Mini hockey or Minkey is a modified form of field hockey designed for primary school children.    

The Minkey is derived from "MINi hocKEY", and originated in Australia more than 20 years ago. It is currently offered in under-7 and under-9 variants throughout Australia, on more-or-less half-sized fields, and with simplified rules. A similar game is popular in Canada where it is generally referred to as "mini hockey." The Canadian version is usually unstructured and played by children with "mini hockey sticks" approximately 20 inches in length inside homes and schools, although some more structured leagues do exist.

Field

The Mini hockey field is a cut down and simplified version of the full hockey field.
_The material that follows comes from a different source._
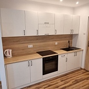 Kuchnia , zabudowana i wyposażona z oknem i widokiem na zieleń.

The dimensions of the field are as follows:

Note: The Mini hockey field sizes are approximate, and can be adjusted to suit the available space and size of players.

Rules

Each field has at least one marker at each corner, on the centre line at each side, and 10 metres from each back line on each side. The goals consist of a marker on each side, or some mechanism at least half a metre deep to catch the ball .
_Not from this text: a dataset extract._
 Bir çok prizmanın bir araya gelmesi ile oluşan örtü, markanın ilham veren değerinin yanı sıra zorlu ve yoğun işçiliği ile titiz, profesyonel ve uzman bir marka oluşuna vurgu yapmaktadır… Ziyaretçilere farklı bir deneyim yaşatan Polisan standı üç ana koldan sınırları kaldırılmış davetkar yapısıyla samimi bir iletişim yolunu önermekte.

Mini hockey teams are made up of 6 players ( in the under-7s game ) or 7 players (in the under-9s game), of both sexes.

Games consist of two 15-minute periods. To start the game, a face off is taken on the centre line. Each team is required to be in their own half prior to the ball being pushed. After each goal, the non-scoring team restarts the game, with a face off on the centre line.

A goal is scored when the ball is hit or pushed from within the opponents' defensive zone, and then passes into or through the opponents' goal. If the ball goes over the side line, the opposing team shall have a free push at the point where the ball crossed the line.  If the ball goes over the back line, the opposing team shall have a free push on the 10 metre line opposite the point where the ball went over the back line. 

A free hit (a free push for under-7 games) is awarded to the opposing team for any player:
 raising the stick above waist height;
 playing the ball deliberately with their feet or hands
 playing the ball deliberately with the rounded side of the stick
 raising the ball above knee height
 obstructing an opponent i.e. placing their body between the ball and the opponent
 criticising or ridiculing another player or the umpire
 hitting another player or the umpire, or another player's stick with their own
 making up a third player playing the ball

All players must be 5 metres away when a free hit is taken.  Accidental infringements in defensive zones result in a free hit to the opposing team on the 10 metre line, in line with the point where the infringement took place

Safety
In the interests of safety  players are strongly encouraged to wear a mouth guard and  shin guards for both training and playing. At no time should a player, coach or any other person at Mini hockey swing a stick so that it is raised above waist height. No more than six players (for under-7s) or seven players (for under-9s) be allowed on the field at any one time. But some players do choose to wear goggles as to not have their eyes gouged by an opposing players stick.